Problem to solve:
With the pictures omitted, repeat exactly the lines below starting with the line that has "X says That's" and going on through the line that has "Faux leather jacket".

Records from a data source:
########

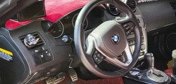 Însă modificările nu au afectat doar exteriorul mașinii. La interior a fost instalat un volan multifuncțional împrumutat de pe un model BMW, care integrează și logo-ul M. Pe planșa de bord acoperită cu o bucată de catifea roz a fost lipit abțibildul M Performance, pentru a accentua intențiile proprietarului de a transforma Hyundai-ul într-un coupe cu accente bavareze.
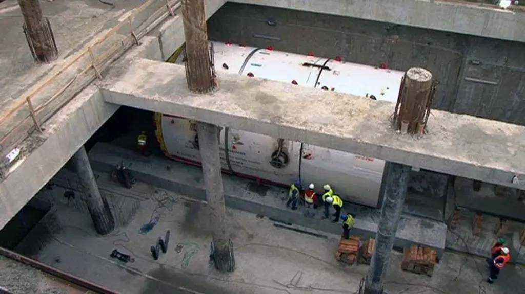 Proces umieszczania TBM-ów będzie dobrze widoczny również zza ogrodzenia placu budowy. Każda z maszyn składa się z trzech dużych modułów (głowica i zaplecze technologiczne), które są kolejno opuszczane pod ziemię przez otwór w korpusie stacji.
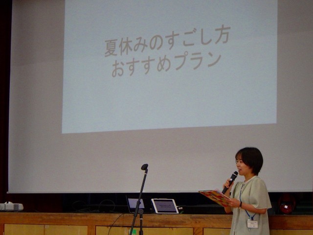 養護教諭の先生が、おすすめの夏休みプランをいくつも考えてくれて、みんな興味深くお話を聴きました。
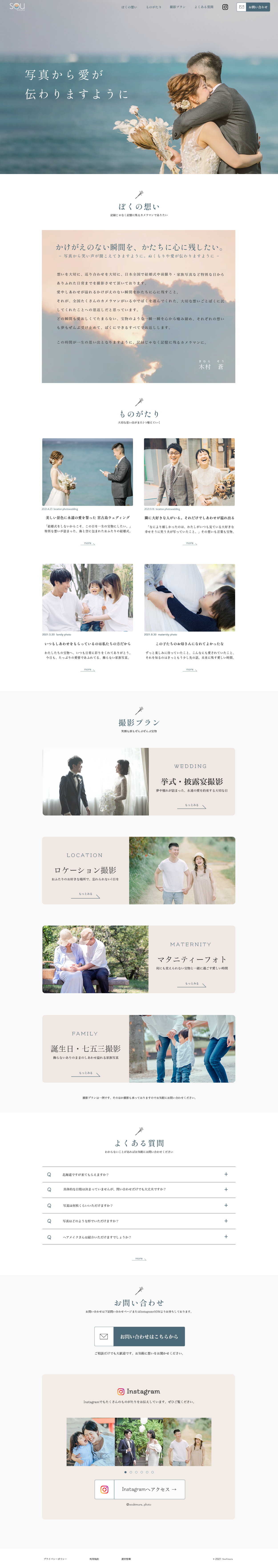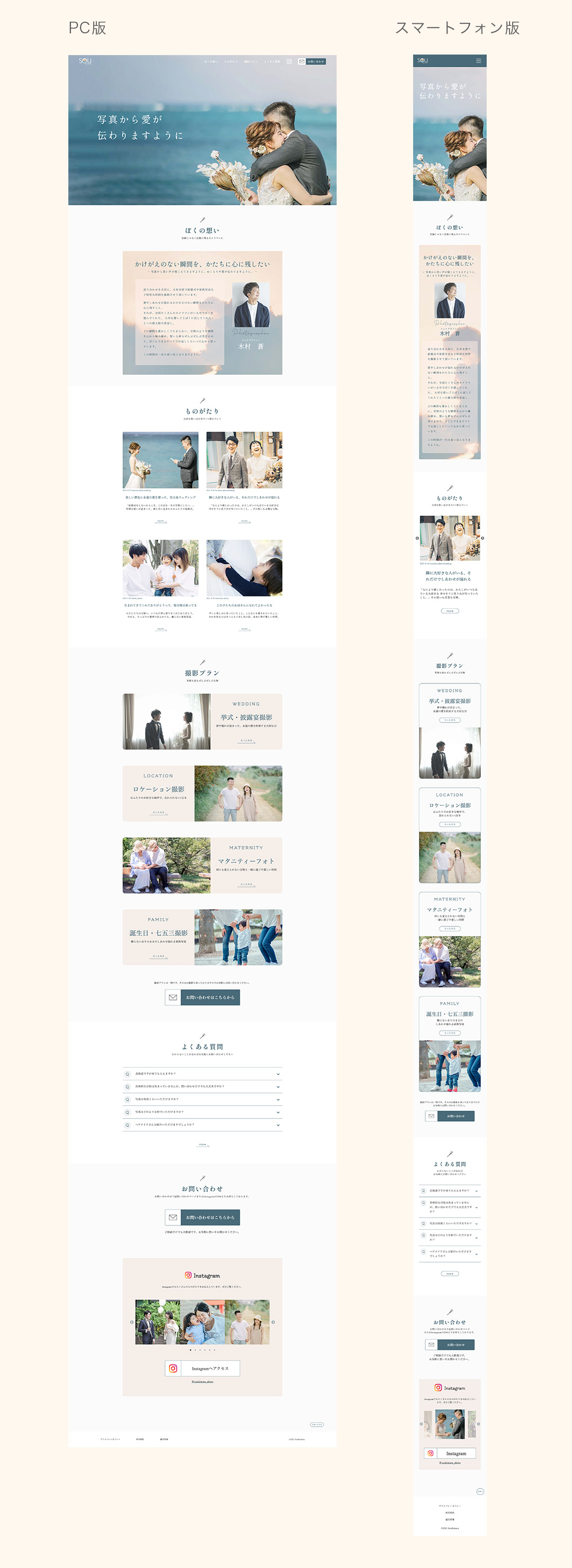 女性向けキャリアスクールSHElikesデザインコースの卒業制作として、要件定義からデザイン制作、コーディング(HTML/CSS/jQuery)まで行いました。結婚式の際にお世話になったフォトグラファー様をお客様としてイメージし、TOPページ部分のみ制作しました。
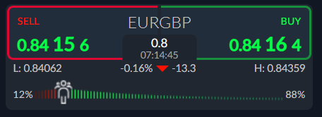 The ActivTrader platform shows that bullish sentiment is ramping up, with some 88 percent of traders still expecting more upside in the EURGBP pair. One-way sentiment skews are rarely correct, so the current bullish sentiment is worrying.
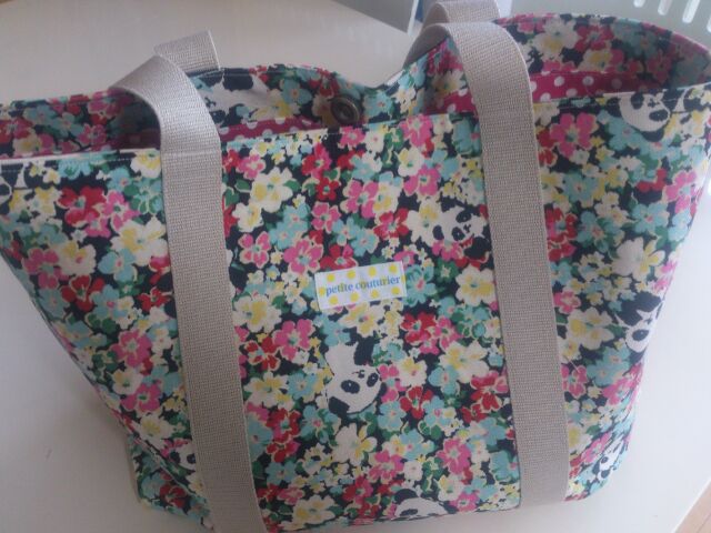 かくれぱんだの生地 再販ですショップは まだ更新してませんがシーチングもあります。こちらは 10番キャンバス帆布よりやわらかいけど 厚みがあり バッグにいいと思いますマチがたっぷりのトートバッグしっかりめに仕上がりました 肩から下げれますこちらの色違いのグリーンは内布にも接着芯張ればよかった、、。少しくったりぎみ久々に 自分用♪人気ブログランキングへ
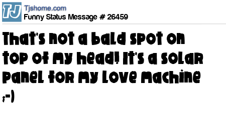 X says That's not a bald spot on top of my head! It's a solar panel for my love machine ;-)
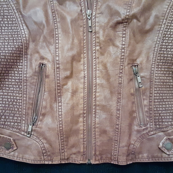 Faux leather jacket from Lock & Love. Front zip with neck snap.2 front zip, functional pockets. Pre-loved but still in great condition.
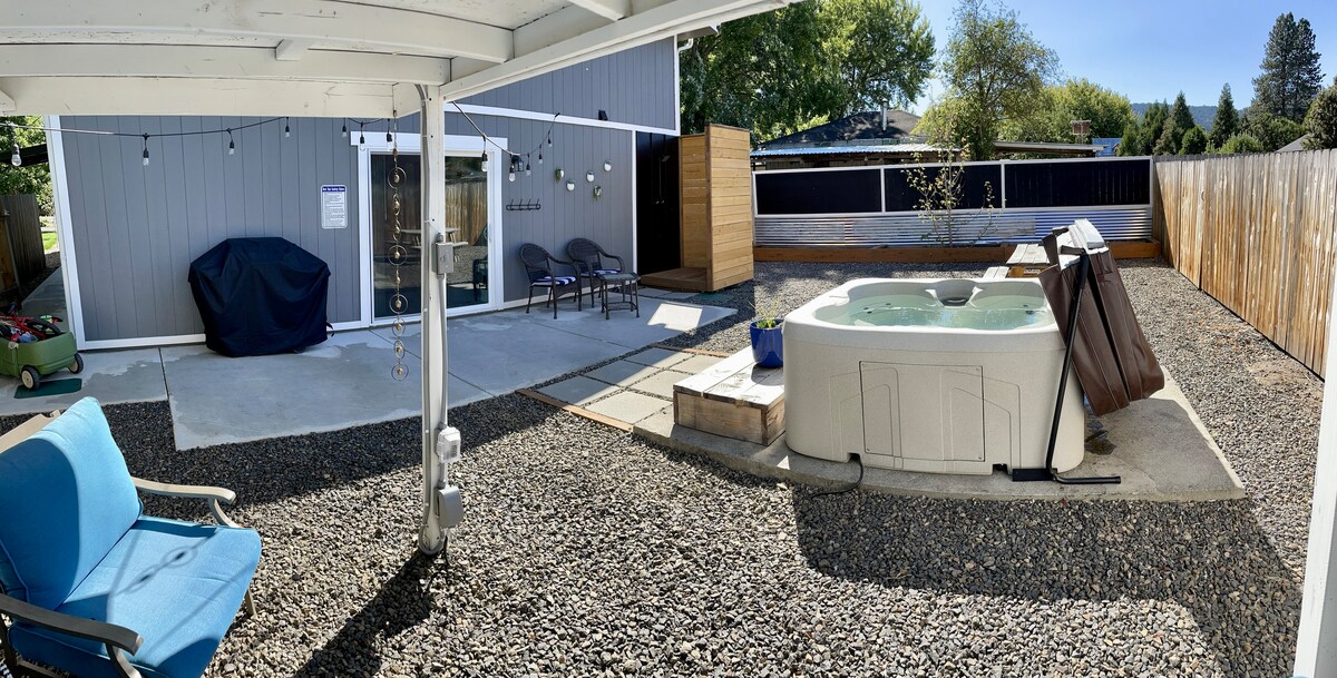 Lluminosa, brillant i simplement magnífica, aquest encantador estudi es troba a només deu minuts a peu del centre del Festival i és el lloc perfecte per gaudir del sud d'Oregon. Amagat en un barri tranquil al districte històric del ferrocarril. L'espai inclou un luxós llit king. bany amb dutxa i banyera, llar de foc, televisor intel·ligent de pantalla plana, rentadora/assecadora i cuina petita. Una gran plaça d'aparcament privada al costat de la porta i el pati cobert inclou una zona de menjador i una barbacoa. Inspiració de disseny.
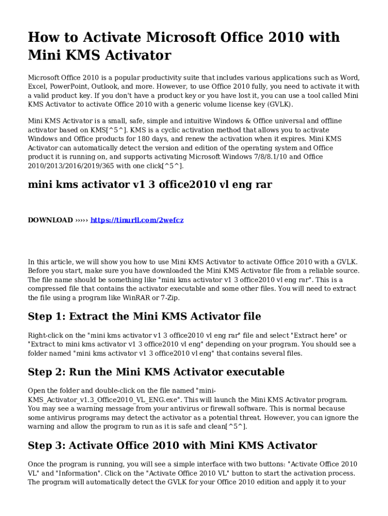 How to Activate Microsoft Office 2010 with Mini KMS Activator Microsoft Office 2010 is a popular productivity suite that includes various applications such as Word, Excel, PowerPoint, Outlook, and
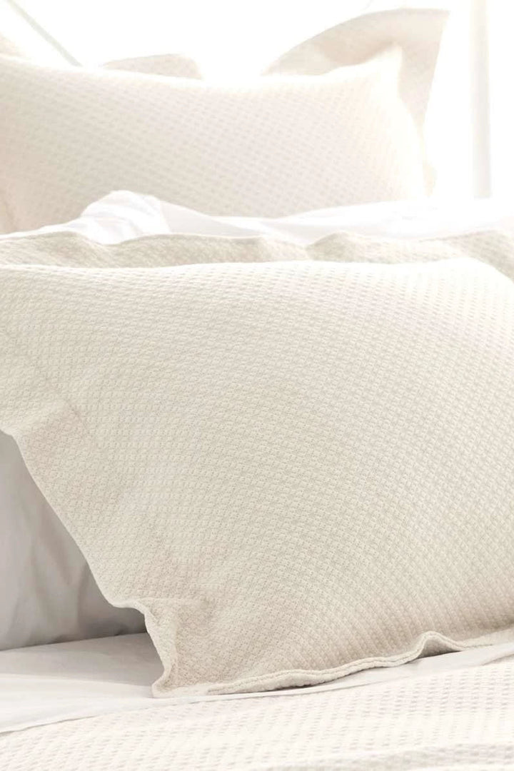 A latticework of tiny tone-on-tone diamonds spills over this matelass� sham, in the softest prewashed cotton. Envelope closure, 2" flange.
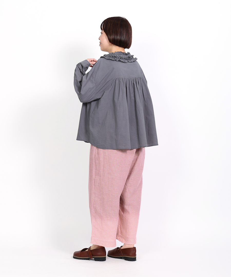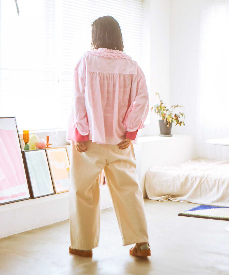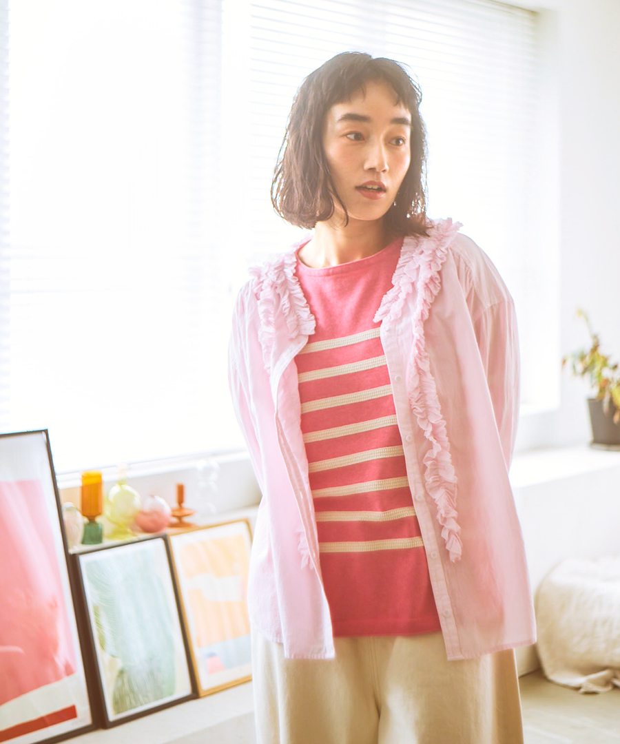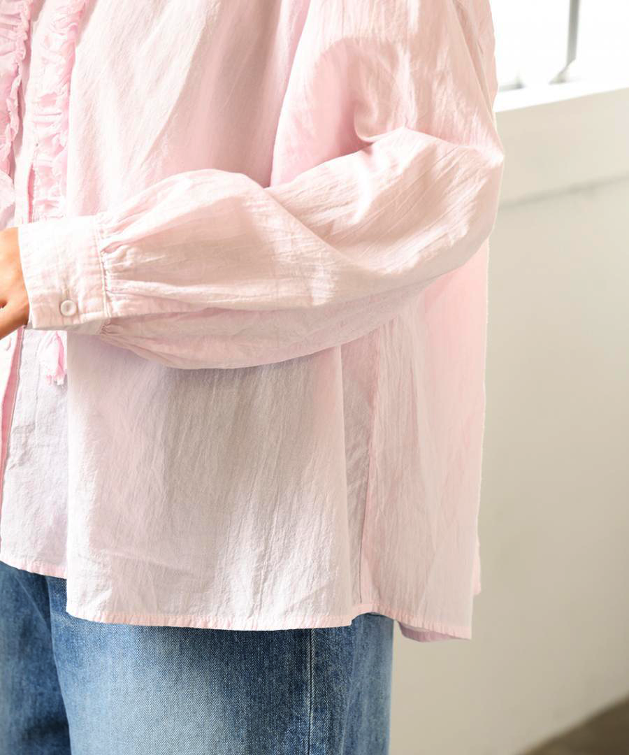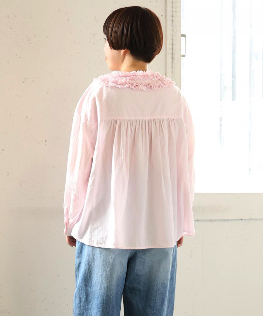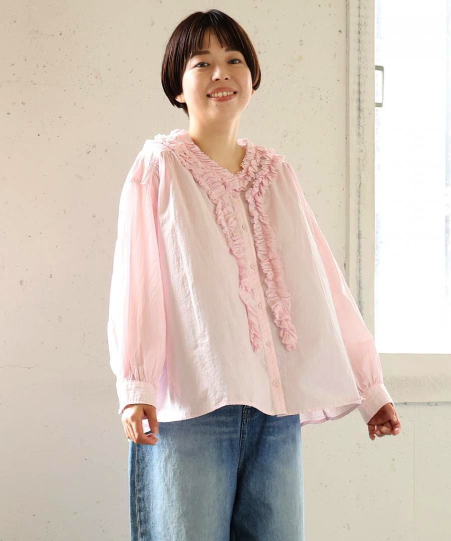 ゆったりとした身幅ながら、驚くほど軽い着心地。一枚で着るのはもちろん、サロペットやニットのインナーとして襟元のフリルを覗かせるレイヤードスタイルもおすすめです。甘めのブラウスにあえてワークパンツやデニムを合わせる、大人のミックススタイルを楽しんで。
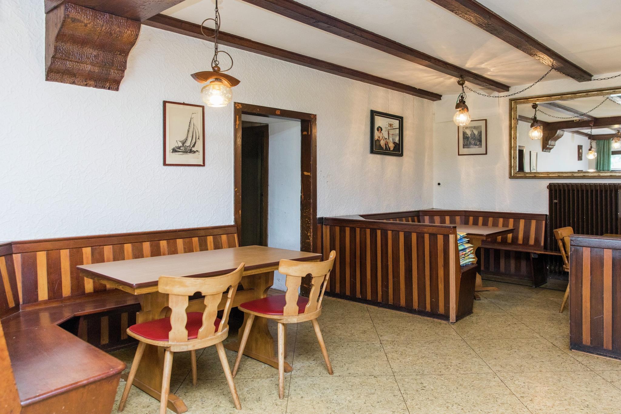 Dette tidligere "Gasthaus" er det ideelle sted for en gruppes ophold. Huset (ca. 600m2) er meget hyggeligt og har en smuk beliggenhed i Eifel. Eifel er kendetegnet ved sin smukke natur, hvor du kan gå godt eller cykelture.Motorcykelentusiaster finder alt, hvad de har brug for her også på Eifels snoede, men godt asfaltede veje. I nærheden af huset kan du nyde forskellige aktiviteter og muligheder for dit hjerte. Den store region og den centrale beliggenhed i hjertet af Eifel er et ideelt udgangspunkt for opdagelsen af regionen. Uanset om du er på udkig efter afslapning i et roligt miljø eller for livlige og dynamiske aktiviteter, har Eifel det hele. Kano, rafting, golf, Eifel-zoologisk have i Lünebach, Eifelpark nær Bitburg og et besøg på Formel 1 kredsløb af Francorchamps og Nürnburgring er kun nogle få af de mange muligheder. Og et besøg i en af de mange omkringliggende byer som den berømte Waxweiler eller byerne Trier, den ældste by i Tyskland og Luxembourg er absolut det værd! Kort sagt, en region med noget for enhver smag! Husk at ferien på en WIF-forbindelse via antenner. Det betyder, at WiFi-forbindelsen kan være lidt værre under dårligt vejr.
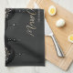 Elegant black and gold Christmas design with luxury Christmas baubles with ornate decoration, satin bows and golden chain and personalised text.
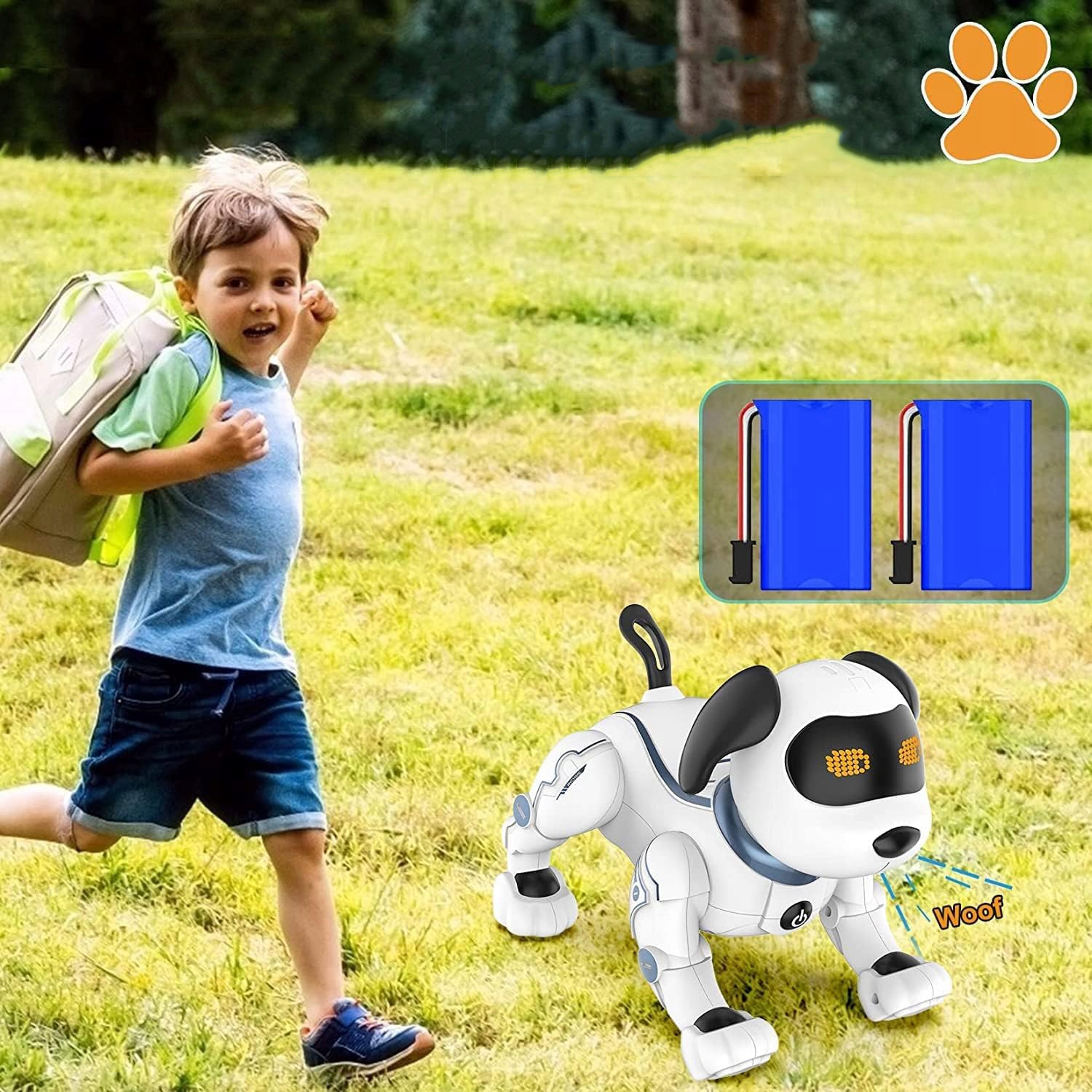 🐶🤖【 Високоякісні матеріали】: іграшка роботів для собак виготовлена з високоякісної пластику з гладкою поверхнею і не шкодить рукам дітей під час гри. Використовує акумулятор 3,7 В (потрапляє в обсяг доставки), 2 х батареї AAA 1,5 В (вони не включаються до обсягу доставки). Ця розумна собака -робота проста у використанні та захоплюючий подарунок для дітей, що від 3 років, і стане хорошим супутником вашої дитини.
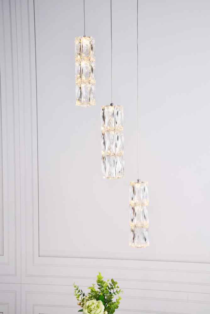The Polaris collection is the epitome of "cool" in lighting, because each of the fixtures has rectangular, elegant-cut crystals that look like ice cubes, gracefully suspended from a stainless-steel base with a bright chrome finish. Designed for rooms with higher ceilings, these fixtures are definitely stylistic attention-getters.

########

Expected answer:
 X says That's not a bald spot on top of my head! It's a solar panel for my love machine ;-)
 Faux leather jacket from Lock & Love. Front zip with neck snap.2 front zip, functional pockets. Pre-loved but still in great condition.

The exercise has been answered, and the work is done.